Boston audiences loved it – or at least went along for the ride agreeably. Two years later at Carnegie Hall, though, it was a different matter. Schonberg, a lifelong critic of pretentious informality as well as the new minimal style, found the concert an affront on both counts. Immediately, he cited the performers in open-necked shirts and conversational presentation as 'Leonard Bernstein at his worst'. As far as Reich's music was concerned, Schonberg added: 'There is really nothing to "understand" in this music. There is really nothing much to like, nothing much to dislike.' And in a way, he had a point. For 21 minutes, while a maraca player kept a steady tempo, four keyboard players (including the composer and the conductor) gradually augmented a single dominant 11th chord from short pulsations to a throbbing, bass-heavy mass of sound before the entire musical wall breaks down. Even by the austere standards of Reich's early process music, Four Organs is, as Schwarz once maintained, 'the ultimate minimal work'.
The audience, however, obviously had their own ideas of what to like and dislike, Critics were heavily divided – Alan Rich of New York magazine found it a 'marvellous, original invention about musical time and rate of change', while Schonberg predictably compared it to 'red-hot needles inserted under fingernails' – but the concert had forcefully put minimalism on the Uptown map. Drawing parallels with Stravinsky's Rite of Spring scandal was de ngueur.
Listening to recordings of Four Organs, which range from the original BSO line-up (appropriately pairing Reich with a two-piano recording of The Rite) to a more recent and surprisingly respectful reading by the Bang On a Can All-Stars, one still senses the music's power to shock. Reich only half-jokingly calls Four Organs his 'punk-rock piece', and the connection does bear some examination. Both minimalism and punk emerged in reaction against similar excesses in their respective musical genres, and both styles had surprisingly brief histories in their pure form.

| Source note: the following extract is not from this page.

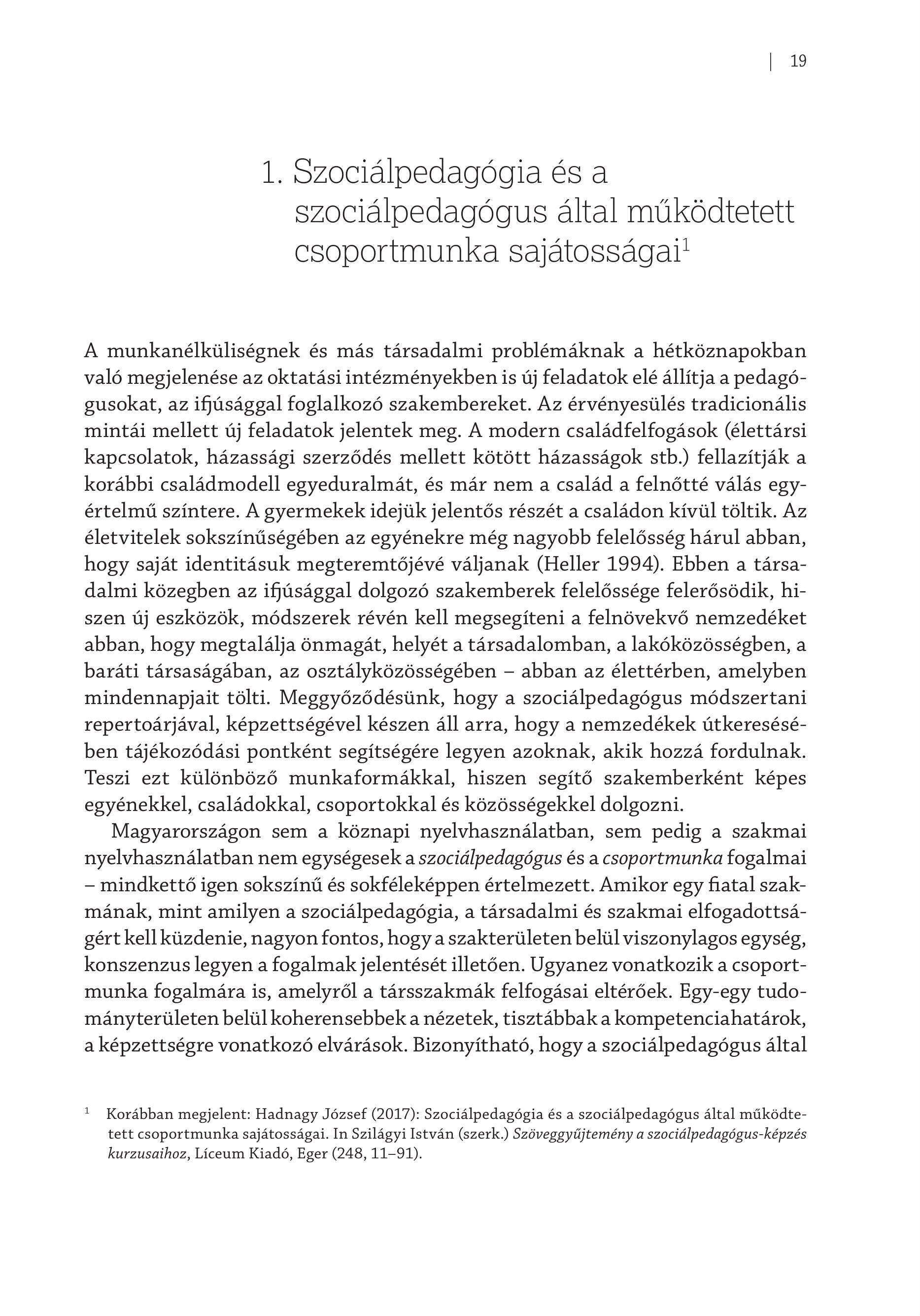 1. Szociálpedagógia és a szociálpedagógus által működtetett csoportmunka sajátosságai! A munkanélküliségnek és más társadalmi problémáknak a hétköznapokban való megjelenése az oktatási intézményekben is új feladatok elé állítja apedagógusokat, az ifjúsággal foglalkozó szakembereket. Az érvényesülés tradicionális mintái mellett új feladatok jelentek meg. A modern családfelfogások (élettársi kapcsolatok, házassági szerződés mellett kötött házasságok stb.) fellazítják a korábbi családmodell egyeduralmát, és már nem a család a felnőtté válás egyértelmű színtere. A gyermekek idejük jelentős részét a családon kívül töltik. Az életvitelek sokszínűségében az egyénekre még nagyobb felelősség hárul abban, hogy saját identitásuk megteremtőjévé váljanak (Heller 1994). Ebben a társadalmi közegben az ifjúsággal dolgozó szakemberek felelőssége felerősödik, hiszen új eszközök, módszerek révén kell megsegíteni a felnövekvő nemzedéket abban, hogy megtalálja önmagát, helyét a társadalomban, a lakóközösségben, a baráti társaságában, az osztályközösségében - abban az élettérben, amelyben mindennapjait tölti. Meggyőződésünk, hogy a szociálpedagógus módszertani repertoárjával, képzettségével készen áll arra, hogy a nemzedékek útkeresésében tájékozódási pontként segítségére legyen azoknak, akik hozzá fordulnak. Teszi ezt különböző munkaformákkal, hiszen segítő szakemberként képes egyénekkel, családokkal, csoportokkal és közösségekkel dolgozni. Magyarországon sem a köznapi nyelvhasználatban, sem pedig a szakmai nyelvhasználatban nem egységesek a szociálpedagógus és a csoportmunka fogalmai — mindkettő igen sokszínű és sokféleképpen értelmezett. Amikor egy fiatal szakmának, mint amilyen a szociálpedagógia, a társadalmi és szakmai elfogadottságért kell küzdenie, nagyon fontos, hogy a szakterületen belül viszonylagos egység, konszenzus legyen a fogalmak jelentését illetően. Ugyanez vonatkozik a csoportmunka fogalmára is, amelyről a társszakmák felfogásai eltérőek. Egy-egy tudományterületen belül koherensebbek a nézetek, tisztábbak a kompetenciahatárok, a képzettségre vonatkozó elvárások. Bizonyítható, hogy a szociálpedagógus által ! Korábban megjelent: Hadnagy József (2017): Szociálpedagógia és a szociálpedagógus által müködtetett csoportmunka sajátosságai. In Szilágyi István (szerk.) Szöveggyűjtemény a szociálpedagógus-képzés kurzusaihoz, Líceum Kiadó, Eger (248, 11-91).

As with the punk era, which in the words of critic James Wolcott 'lasted barely long enough for Sid Vicious to vomit on his shoes', the vitality of minimalism was quickly absorbed into mainstream composition, giving way to a much longer 'post-minimalist' period.
One of the leaders in that new movement was Reich himself, whose musical forces kept expanding until he somehow found himself writing for traditional orchestra. His cantata The Desert Music (1984) superbly harnesses his characteristic rhythmic complexity within a broader sonic framework. Three Movements (1986) is mostly a skilful reworking of Reich's previous ideas for smaller forces on a symphonic canvas, but in The Four Sections (1987), a 'concerto for orchestra' in all but name, the composer reveals a full mastery of the orchestral idiom.

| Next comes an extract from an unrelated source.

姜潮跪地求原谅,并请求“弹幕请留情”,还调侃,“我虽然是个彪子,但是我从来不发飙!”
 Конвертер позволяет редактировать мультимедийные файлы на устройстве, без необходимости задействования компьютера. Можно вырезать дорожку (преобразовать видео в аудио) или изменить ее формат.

But Reich soon turned away from this period as well, rejecting orchestral commissions on the grounds that 'my orchestra is not Wagner's or Mahier's', and claiming that his music needs the clarity of amplification. Listening to these pieces today, one hears an obvious connection to the mid-'80s works of John Adams, leaving the impression that what Reich was really avoiding was the wave of neo-Romanticism that was soon to wash over the style.
Tilson Thomas's definitive Nonesuch recordings of Reich's orchestral works contain barely a trace of Romantic excess. Instead, rhythmic intensity firmly meets with emotional restraint, not unlike the later works of Stravinsky which the conductor had also explored extensively. Throughout the recordings a palpable connection links composer and conductor, as if the two veterans of their own generation's Rite of Spring were still trading stories from the front lines.